Stumbling and Mumbling

The natural party of government

chris dillow
Publish date: Mon, 10 Oct 2011, 01:09 PM
chris dillow
0 2,773
An extremist, not a fanatic

Liam Fox's admission that 'mistakes were made' (note the cliched passive voice) in his dealings with Adam Werrity reminds me of a curiosity about this government - that it doesn't seem very good at the nitty-gritty of governing.
By this I don't mean that it has the wrong policies. Errors in policy and administration are inevitable. I mean instead the sheer number of unforced errors that it has made. Fox is just continuing a pattern, for example:
- Theresa May gives the impression that she's basing policy upon a story that's not only a pack of lies, but not even her own lies.
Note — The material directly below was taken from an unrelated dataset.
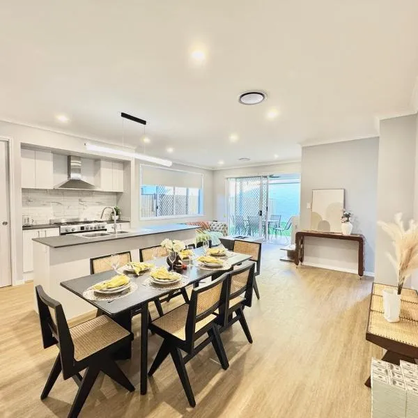 AlgesterにあるModern Family Home in Peaceful Pallara 4BR Comfortは、エアコン付きのユニット(バルコニー、無料WiFi付)を提供しています。この別荘では庭を提供しています。

Did she really think she could get away with this?
- David Cameron appointed Andy Coulson as his press secretary, despite his being associated with allegations of phone-hacking.
- Andrew Lansley has been unable to explain the point of his NHS reforms; what exactly is the problem to which they are the solution?
- The huge number of 'u-turns' the government has done suggests a lack of forethought and/or an inability to prepare public opinion for its policy announcements.
- When Michael Gove closed the Building Schools for the Future programme, it took him five attempts to name the schools that would be affected by this.
- Recent policy announcements, such as on weekly bin collections and raising the motorway speed limit, have been on trivial matters - the sort of things a tired government in its fifth year of office might do, rather than the significant changes we'd expect early in its term.
- The government has failed to find the genuine efficiency savings it promised.
These episodes seem to confirm Zoe Williams' assessment, that we're looking at a government with 'no idea what governing entails, let loose on a system with no clue about its structure and mechanisms.'
Now, we mustn't exaggerate here. There never was a golden age of wholly competent government: past administrations have contained large numbers of buffoons and mediocrities. Nevertheless, considering the Tories are supposed to be the 'natural party of government', they seem remarkably bad at governing.
Which brings me to a hypothesis. Could it be that its incompetence arises precisely because it believes it is the natural party of government? Cameron and his colleagues think they are entitled to rule, and this causes them to under-rate the importance of working hard and following procedures such as ensuring that ministerial meetings had civil servants present. They are like those footballers who believe their natural talents give them a right to be lazy, and who end up slipping out of the game.
This is compounded by another error. If you think your policies are simple common sense, then you'll believe them to be self-evidently right, and so won't bother thinking about details and counter-arguments. You'll ignore the fact that governing is not like bashing out a 1000-word column before breakfast. It's not as simple as that.